• _TRY IT_:
Go through the data below and repeat it exactly, skipping each picture.

Stored entries:
• • • •
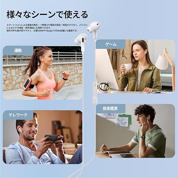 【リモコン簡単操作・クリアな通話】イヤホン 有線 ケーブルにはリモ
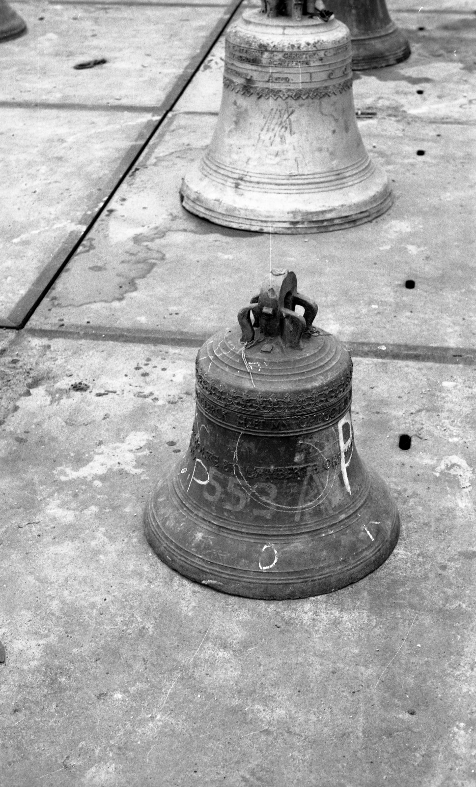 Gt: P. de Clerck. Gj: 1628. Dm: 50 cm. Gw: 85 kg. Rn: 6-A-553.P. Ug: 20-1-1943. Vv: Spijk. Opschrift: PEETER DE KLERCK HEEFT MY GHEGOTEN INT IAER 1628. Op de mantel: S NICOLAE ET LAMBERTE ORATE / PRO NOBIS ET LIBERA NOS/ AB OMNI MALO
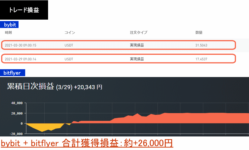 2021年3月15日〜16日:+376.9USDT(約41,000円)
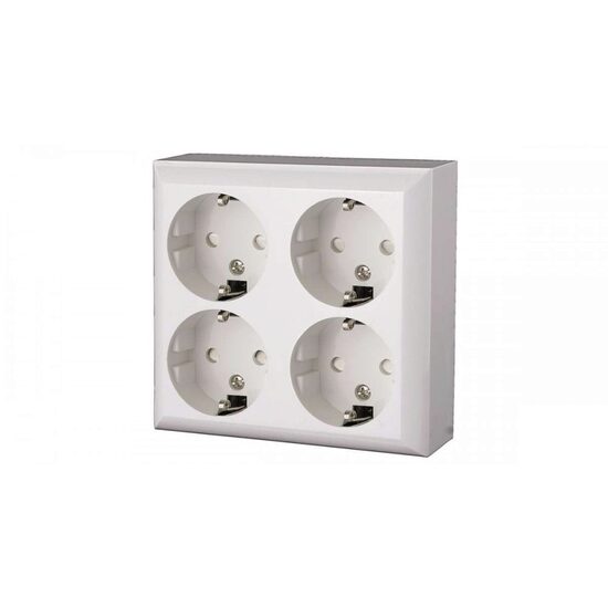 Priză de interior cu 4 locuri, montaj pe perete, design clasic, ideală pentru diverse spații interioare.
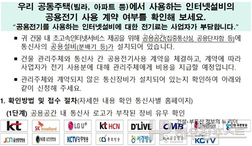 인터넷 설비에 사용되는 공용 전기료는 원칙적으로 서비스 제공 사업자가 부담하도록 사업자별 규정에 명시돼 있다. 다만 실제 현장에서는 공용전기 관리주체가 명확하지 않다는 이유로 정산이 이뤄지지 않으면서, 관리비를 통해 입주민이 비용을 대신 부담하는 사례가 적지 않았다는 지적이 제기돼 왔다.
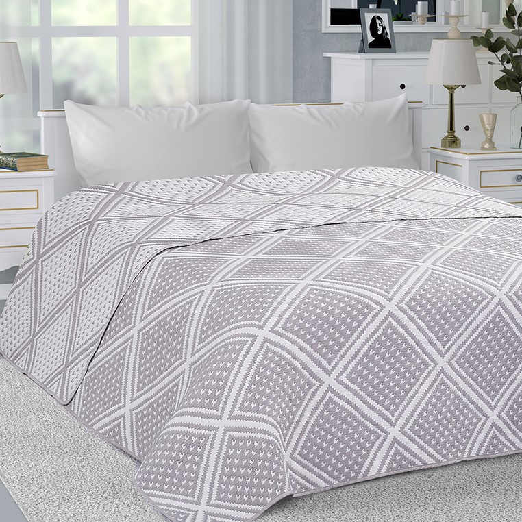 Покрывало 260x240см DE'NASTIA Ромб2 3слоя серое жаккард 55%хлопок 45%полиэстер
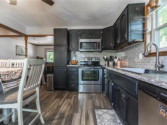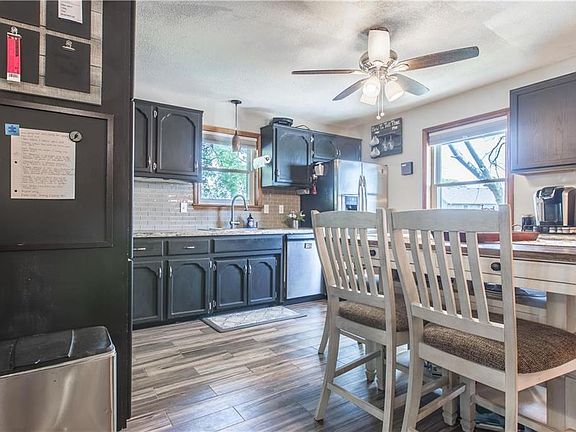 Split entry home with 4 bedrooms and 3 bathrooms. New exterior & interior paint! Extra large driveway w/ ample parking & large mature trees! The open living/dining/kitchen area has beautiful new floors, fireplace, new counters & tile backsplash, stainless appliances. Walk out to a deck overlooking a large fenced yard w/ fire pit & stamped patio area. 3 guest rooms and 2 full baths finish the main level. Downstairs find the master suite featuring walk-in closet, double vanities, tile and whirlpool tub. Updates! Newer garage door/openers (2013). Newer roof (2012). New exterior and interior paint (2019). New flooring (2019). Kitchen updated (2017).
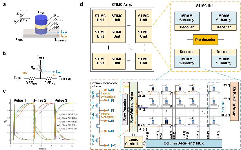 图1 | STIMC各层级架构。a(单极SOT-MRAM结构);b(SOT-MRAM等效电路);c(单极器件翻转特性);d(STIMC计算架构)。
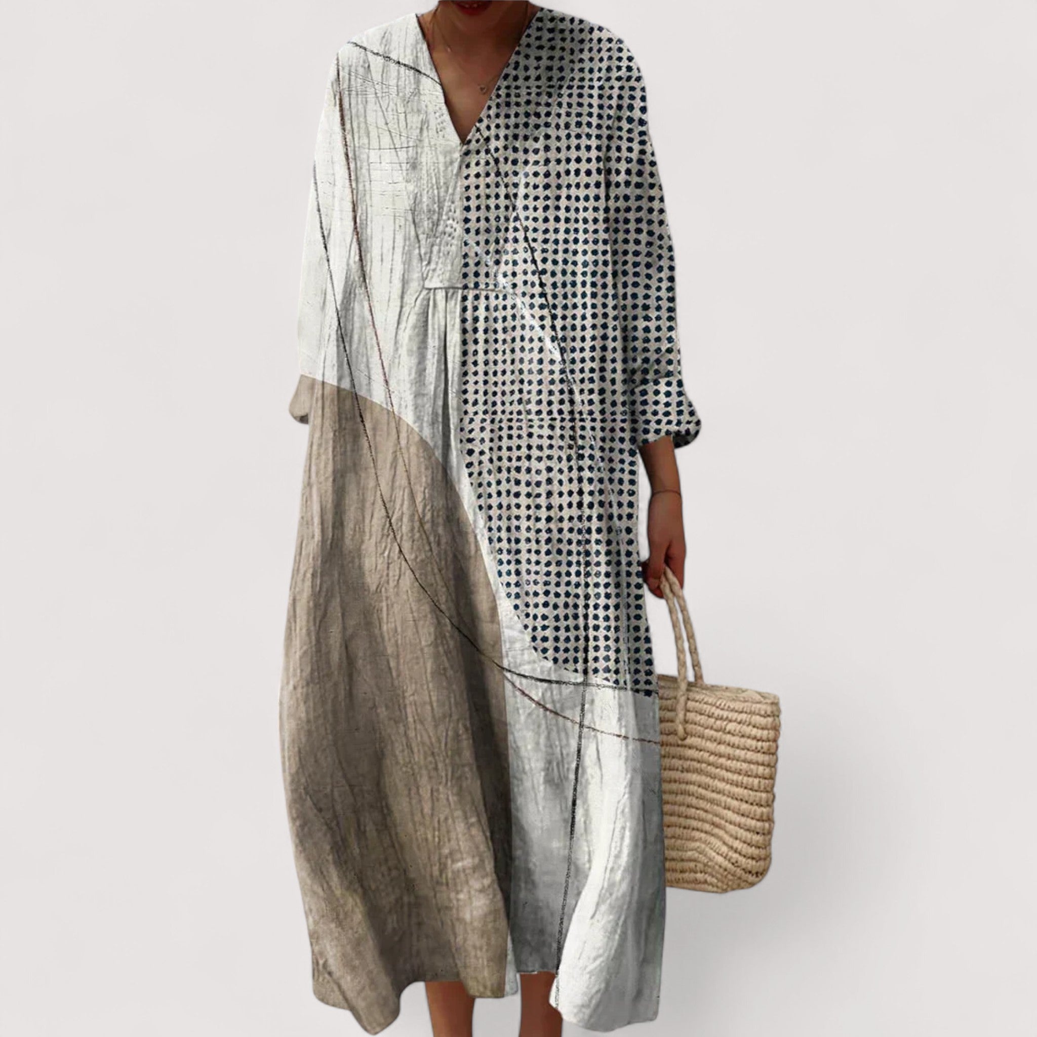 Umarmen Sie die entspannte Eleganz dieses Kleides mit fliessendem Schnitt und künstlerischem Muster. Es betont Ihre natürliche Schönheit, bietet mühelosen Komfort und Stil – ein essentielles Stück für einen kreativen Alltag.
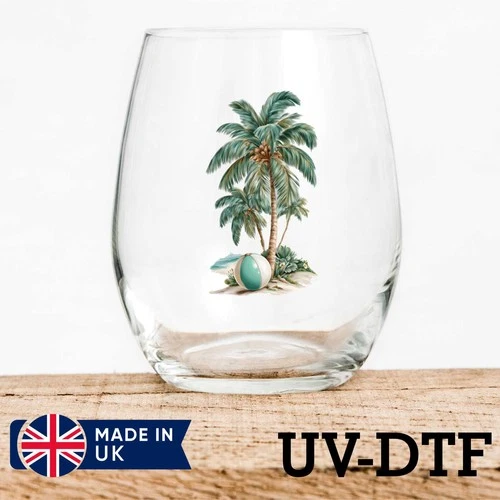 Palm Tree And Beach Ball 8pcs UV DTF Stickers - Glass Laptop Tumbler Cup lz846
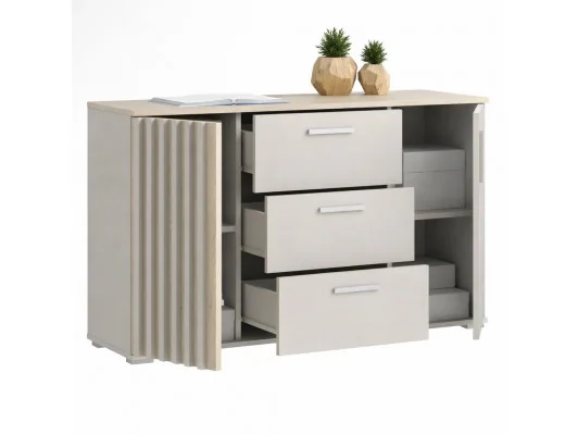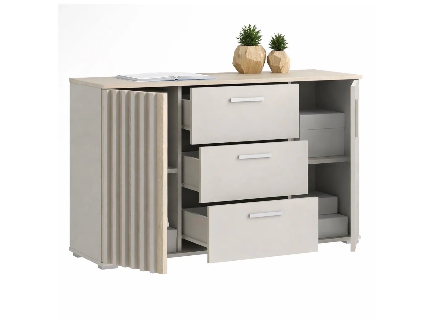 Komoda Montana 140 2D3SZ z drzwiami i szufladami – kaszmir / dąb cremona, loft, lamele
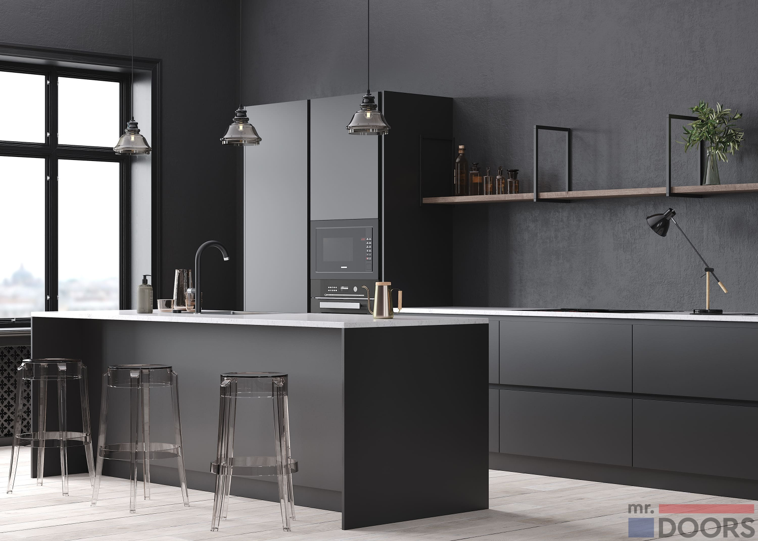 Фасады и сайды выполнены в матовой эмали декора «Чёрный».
• • • •
• _YOUR SOLUTION_:
 【リモコン簡単操作・クリアな通話】イヤホン 有線 ケーブルにはリモ
 Gt: P. de Clerck. Gj: 1628. Dm: 50 cm. Gw: 85 kg. Rn: 6-A-553.P. Ug: 20-1-1943. Vv: Spijk. Opschrift: PEETER DE KLERCK HEEFT MY GHEGOTEN INT IAER 1628. Op de mantel: S NICOLAE ET LAMBERTE ORATE / PRO NOBIS ET LIBERA NOS/ AB OMNI MALO
 2021年3月15日〜16日:+376.9USDT(約41,000円)
 Priză de interior cu 4 locuri, montaj pe perete, design clasic, ideală pentru diverse spații interioare.
 인터넷 설비에 사용되는 공용 전기료는 원칙적으로 서비스 제공 사업자가 부담하도록 사업자별 규정에 명시돼 있다. 다만 실제 현장에서는 공용전기 관리주체가 명확하지 않다는 이유로 정산이 이뤄지지 않으면서, 관리비를 통해 입주민이 비용을 대신 부담하는 사례가 적지 않았다는 지적이 제기돼 왔다.
 Покрывало 260x240см DE'NASTIA Ромб2 3слоя серое жаккард 55%хлопок 45%полиэстер
 Split entry home with 4 bedrooms and 3 bathrooms. New exterior & interior paint! Extra large driveway w/ ample parking & large mature trees! The open living/dining/kitchen area has beautiful new floors, fireplace, new counters & tile backsplash, stainless appliances. Walk out to a deck overlooking a large fenced yard w/ fire pit & stamped patio area. 3 guest rooms and 2 full baths finish the main level. Downstairs find the master suite featuring walk-in closet, double vanities, tile and whirlpool tub. Updates! Newer garage door/openers (2013). Newer roof (2012). New exterior and interior paint (2019). New flooring (2019). Kitchen updated (2017).
 图1 | STIMC各层级架构。a(单极SOT-MRAM结构);b(SOT-MRAM等效电路);c(单极器件翻转特性);d(STIMC计算架构)。
 Umarmen Sie die entspannte Eleganz dieses Kleides mit fliessendem Schnitt und künstlerischem Muster. Es betont Ihre natürliche Schönheit, bietet mühelosen Komfort und Stil – ein essentielles Stück für einen kreativen Alltag.
 Palm Tree And Beach Ball 8pcs UV DTF Stickers - Glass Laptop Tumbler Cup lz846
 Komoda Montana 140 2D3SZ z drzwiami i szufladami – kaszmir / dąb cremona, loft, lamele
 Фасады и сайды выполнены в матовой эмали декора «Чёрный».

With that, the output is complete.